About those shifts: Like Auburn Lull’s aforementioned, turn-of-the-century masterpiece, Moscow, WV is often filled with brilliant light and airy space.  “Winter in Moscow,” for example, basks in a frigid glare, a harshly bright cathedral of ice where frozen synths* trace the clean lines of a forbiddingly beautiful architecture with stark clarity.  At other points, however, things take a significantly darker turn, as on the queasy, foreboding “Tomlinson Run,” which pulsates with blackened aggression.

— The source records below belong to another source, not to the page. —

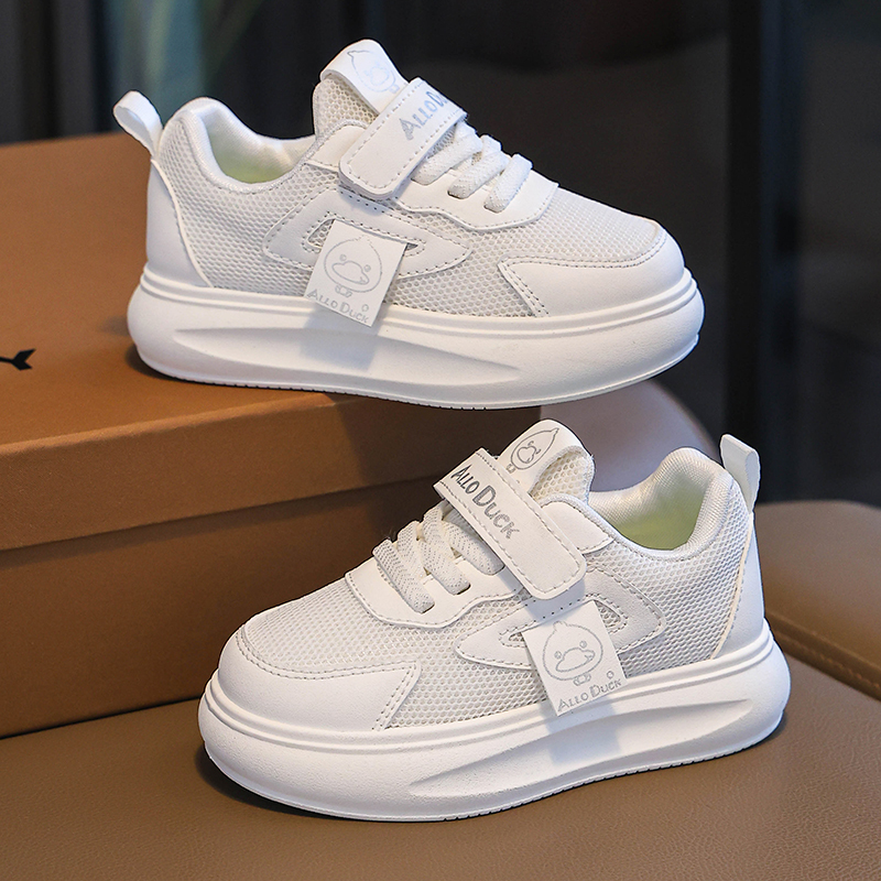 小黄鸭儿童白色运动鞋春秋款女童透气网面板鞋皮面防水男童跑步鞋
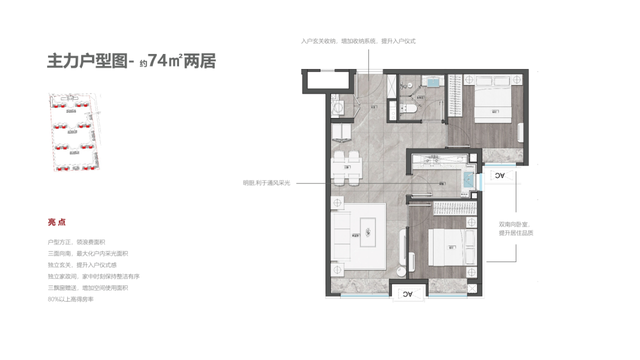 74两居为纯南朝向,双卧朝南,卫生间干湿分离,设有玄关,增强仪式感,整体设计合理,可利用空间较大。
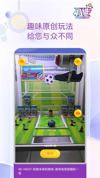 特维潮玩”Pushmart”是一款通过手机在线畅玩真实游乐场里各种娱乐机台的软件。以礼品机为主,让玩家在嗨玩的同时得到潮玩礼品。礼品一件包邮到家,软件对接第三方集市,玩家可以轻松交易或置换礼品。
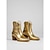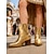 Женские анкел-бутсы Мардей Гра с золотой крокодиловой текстурой и блоком на каблуке металлические ботинки в карнавальном стиле для женщин идеально подходящие для карнавальных вечеринок и фестивальных
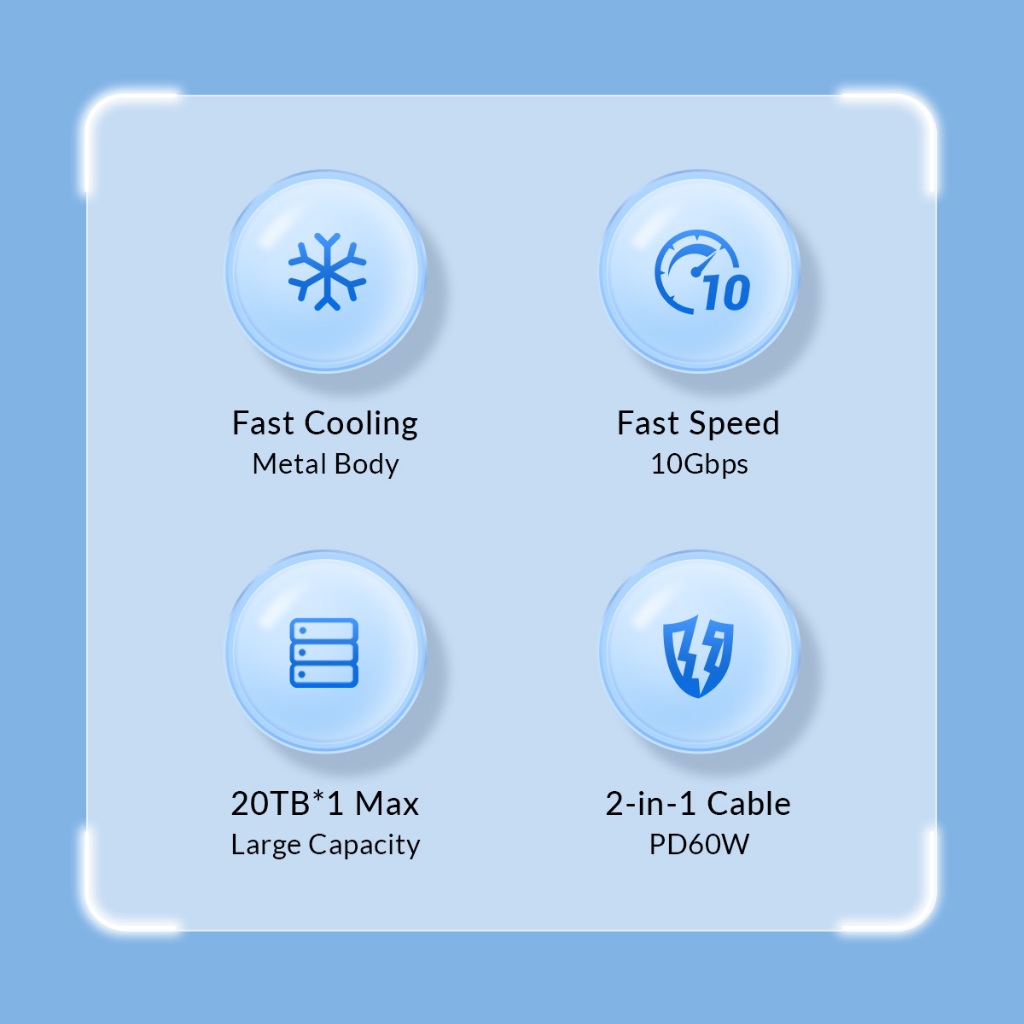 Tính năng nổi bật của Hộp ổ cứng SSD ORICO AXM2S-G2-V1-GY-BP - Tốc độ truyền dữ liệu cực nhanh 10Gbps - Với chuẩn kết nối USB 3.2 Gen 2 Type-C, sản phẩm đạt tốc độ truyền

Sometimes, the hugeness of atmosphere, so evident on “Winter in Moscow,” approaches the oppressive, as on “High School Sweetheart’s Baby.”   At points like these, the coldness and dryness of sound becomes vacuum-like and hermetic.  Elsewhere, drones painstakingly swell from barely-there wisps of aural spacedust into temporally and spatially immersive primordial stews reminiscent of the late, great Celer, like on “Winter in Moscow II.”  There’s a forboding maximalism to these minimal drones, and a stargazing feel of neck-craning wonder as well.

Moscow, WV is the first installment of a year-long series of monthly album releases.  Apparently, one of the upcoming records is, in the words of Jacob, an Accentor member, “an album of Appalachian noise-folk recorded using only a Nintendo DS.”  Yes, please!  You can stream Moscow, WV for free at Accentor’s Bandcamp, or you can download it for whatever you wish to pay.   Think about the latter option, because Accentor is donating all proceeds made from Moscow, WV for the next month to the American Red Cross to help victims of the Midwestern tornado tragedy.**   Accentor: Doing beautiful things with beautiful music.

*Or what sounds like synths to these poor, untrained ears, as Accentor apparently made this record using primarily electric viola and vocoder.  Good luck teasing apart and categorizing these icy, wefted tendrils of sound.

**This being relayed to me one week ago from today, so more like three weeks.